Quando tradurre non basta: la transcreation della

Quando tradurre non basta: la transcreation della pubblicità1
In un business legato a doppio filo allo sviluppo tecnologico quale è quello della traduzione,
alcuni ambiti ancora resistono agli attacchi di CAT tools, machine translation e tutti quei software
che, se da un lato contribuiscono ad aumentare la capacità produttiva del traduttore, dall’altro
sembrano legittimare le richieste di sconto da parte dei committenti.
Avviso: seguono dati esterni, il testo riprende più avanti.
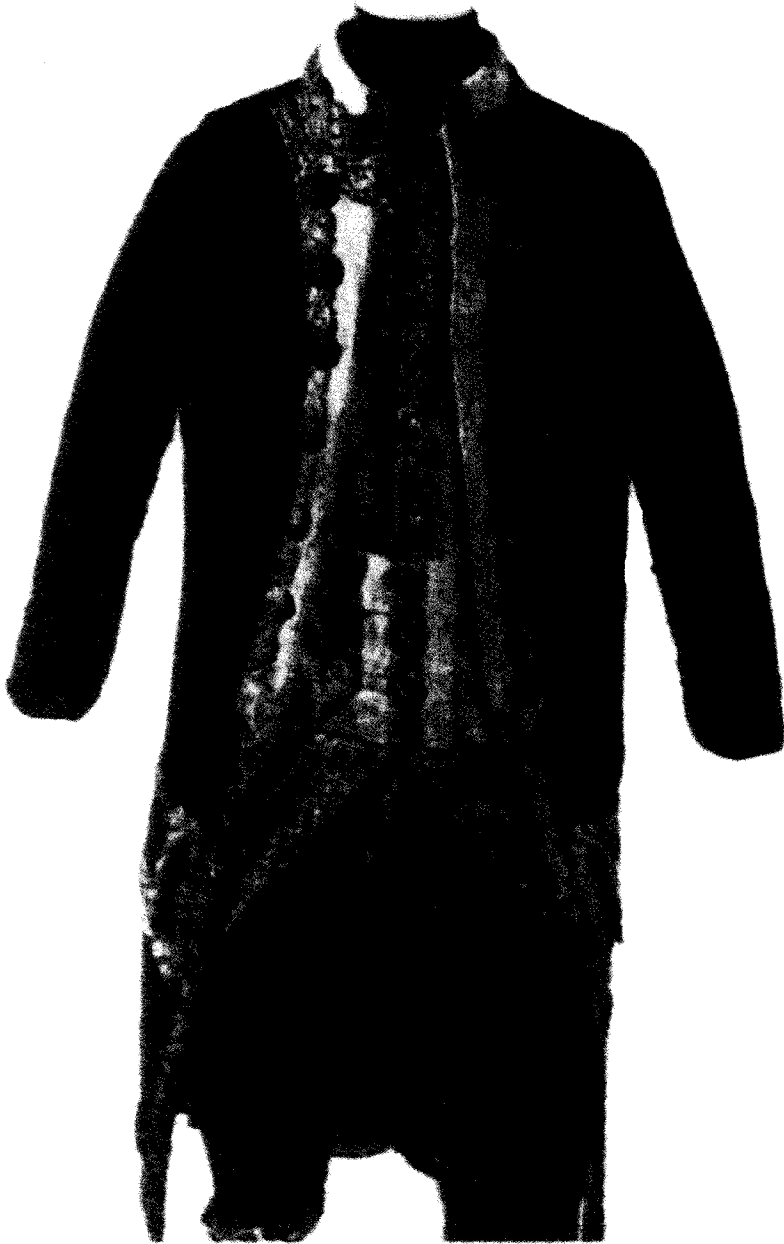
Casaca, chupa y calzones del Conde de Aranda

Si tratta del settore
pubblicitario, nel quale la traduzione vera e propria mostra tutti i suoi limiti e si evolve in
qualcosa di più complesso: la transcreation, un servizio a metà strada tra la traduzione e il
copywriting.
Quando un’azienda lancia una campagna pubblicitaria a livello mondiale, si trova a dover
soddisfare due esigenze contrastanti: mantenere il senso e il tono del messaggio originario nelle
varie lingue, e al contempo comunicare in un modo che “funzioni” nel paese di destinazione.
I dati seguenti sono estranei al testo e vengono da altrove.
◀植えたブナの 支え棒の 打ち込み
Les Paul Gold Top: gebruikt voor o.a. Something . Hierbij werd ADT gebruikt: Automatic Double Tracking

Pertanto la pubblicità non viene semplicemente tradotta, ma riscritta a partire dal copy originario
(il testo pubblicitario sorgente), rispettando il brief fornito dal cliente o dall’agenzia
(informazioni sul marchio e sul prodotto, oltre che sulla campagna pubblicitaria) e tenendo
presente il mercato e la cultura locale.
Un equilibrismo non facile, che richiede innanzitutto notevoli doti creative e comunicative, in
quanto la “traduzione” (le virgolette sono d’obbligo, e tra poco vedremo perché) deve avere la
stessa incisività dell’originale. Pensiamo alla famosa tagline “Haribo macht Kinder froh und
Erwachsene ebenso”. Una frase tutto sommato semplice sotto il profilo linguistico, ma
estremamente efficace per la sua musicalità. Come tradurla in italiano? “Haribo fa felici i bambini
e anche gli adulti”? Questa traduzione è corretta, ma in italiano suona scialba e poco coinvolgente,
quindi non adatta a un marchio associato all’idea di gioia e divertimento. “Haribo è una bontà che
si gusta ad ogni età”, invece, ha tutto un altro sapore, perché comunica lo stesso messaggio
dell’originale con l’orecchiabilità della filastrocca.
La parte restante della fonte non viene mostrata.